Instantly share code, notes, and snippets.

@wbt
Created May 21, 2012 13:41
Show Gist options
  • Save wbt/2762383 to your computer and use it in GitHub Desktop.
Save wbt/2762383 to your computer and use it in GitHub Desktop.
Do more active coders leave longer or shorter comments than others?
This is a query that, when scatter-plotted, will show that more active coders
(as measured by those who have a higher number of pushes announced on the GitHub timeline)

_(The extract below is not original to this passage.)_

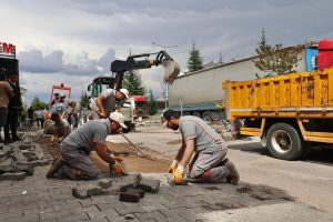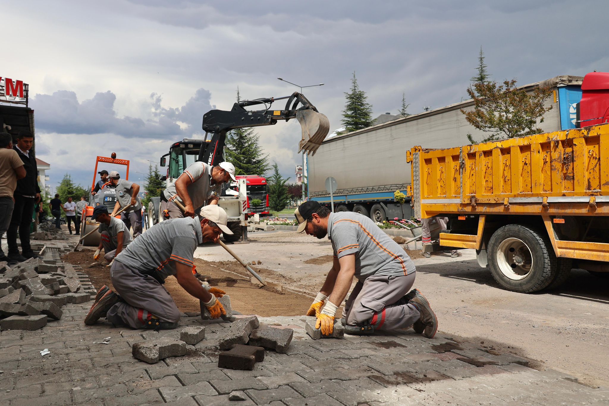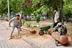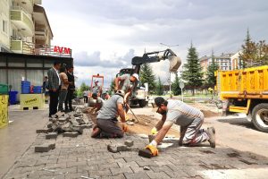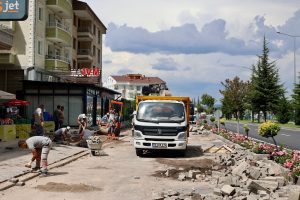 Nevşehir’de son günlerde etkili olan sağanak yağışlar sonrasında hasar gören yol, yaya kaldırımı ve parklarda onarım ve yenileme çalışmaları sürüyor.
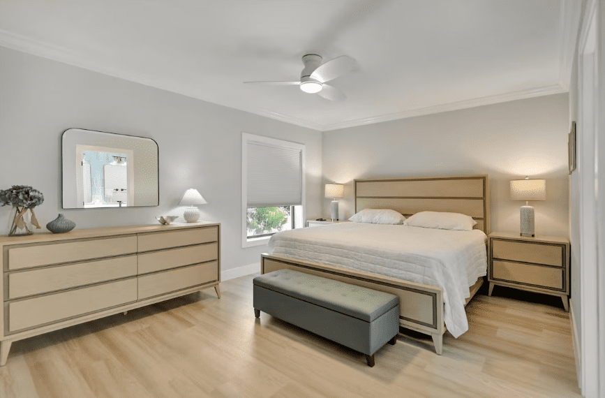 Located just 150 steps from the Gulf of Mexico, Coquina 3C is a beautifully remodeled 2-bedroom, 2-bath ground-floor condo offering a bright and comfortable retreat close to Sanibel’s best beaches and attractions. The interior features a spacious living area with a smart TV, free WiFi, and direct access to a private lanai. The adjoining dining space includes a pass-through window to the fully equipped kitchen, and a full-size washer and dryer add everyday convenience. The primary suite offers a king bed and en-suite bath, while the guest bedroom features a queen and a twin bed with access to a second full bath.

do not necessarily leave much longer or shorter comments than others
(in my run, the correlation was positive and statistically significant: r=.166, df=15997, p<.0005,
statistically meaning that more active coders leave slightly longer comments),
but have lower variance in their comment length.
The scatter plot looks sort of like Bullet Bill from Mario brothers.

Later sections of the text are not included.